Arizona has a reputation as a state full of mavericks and independent thinkers, but a couple of academics have bad news for state residents.
We’re No. 11.
The George Mason University report, Freedom in the 50 States, ranked Arizona 11th in the nation on a scorecard of personal and economic freedoms that takes into account everything from tax burden to seatbelt laws – to the freedom to party unfettered.
It may have been that bachelor-party ranking – Arizona finished 49th in the category that measured alcohol, prostitution and marijuana laws – that brought the state’s overall standing down.
“We happily concede that different people value aspects of freedom differently,” the report’s authors wrote, by way of explaining why they break freedom into 40 different areas based on 200 types of policy.
The report, the third produced by George Mason’s Mercatus Center, measured overall freedom by balancing tax policy and regulation – high points for Arizona – against personal freedoms, where Arizona lost ground.
Arizona was No. 1 for gun-control freedom, second for educational choice and 15th for its tax burden. The report made fiscal and regulatory policies count for almost 70 percent of the overall grade, which is why Arizona did well. The state moved up 12 places in the standings from the last report, in 2009.

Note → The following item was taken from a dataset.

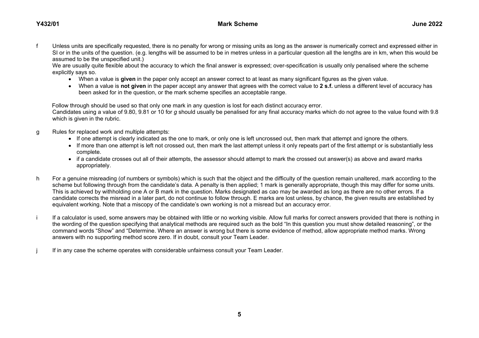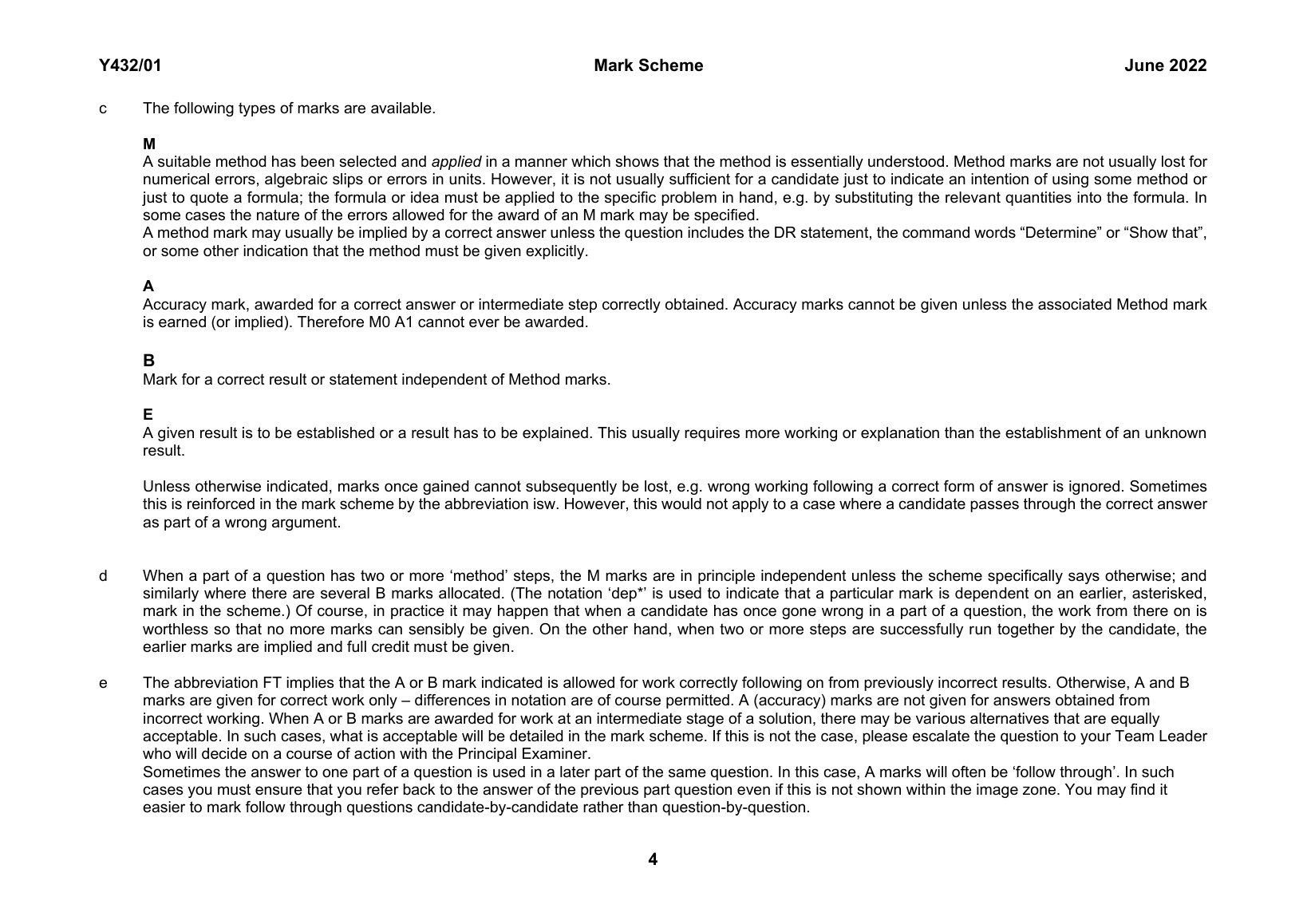 OCR A LEVEL FURTHER MATHEMATICS B (MEI) PAPER 1 JUNE 2022 MARK SCHEME (Y432/01: Statistics Minor)

Jason Sorens, a political science professor at State University of New York at Buffalo and one of the authors of the report, conceded that the final score is not a perfect measure of individual freedom. What they were trying for was an index that reflects the average American’s idea of freedom, he said, an almost-impossible goal.
“Some people might be happy to pay taxes as long as everyone else is,” Sorens said of the relative importance the report placed on freedom from taxation, for example.
The goal, Sorens said, is to “get people to think about what freedom means to them.”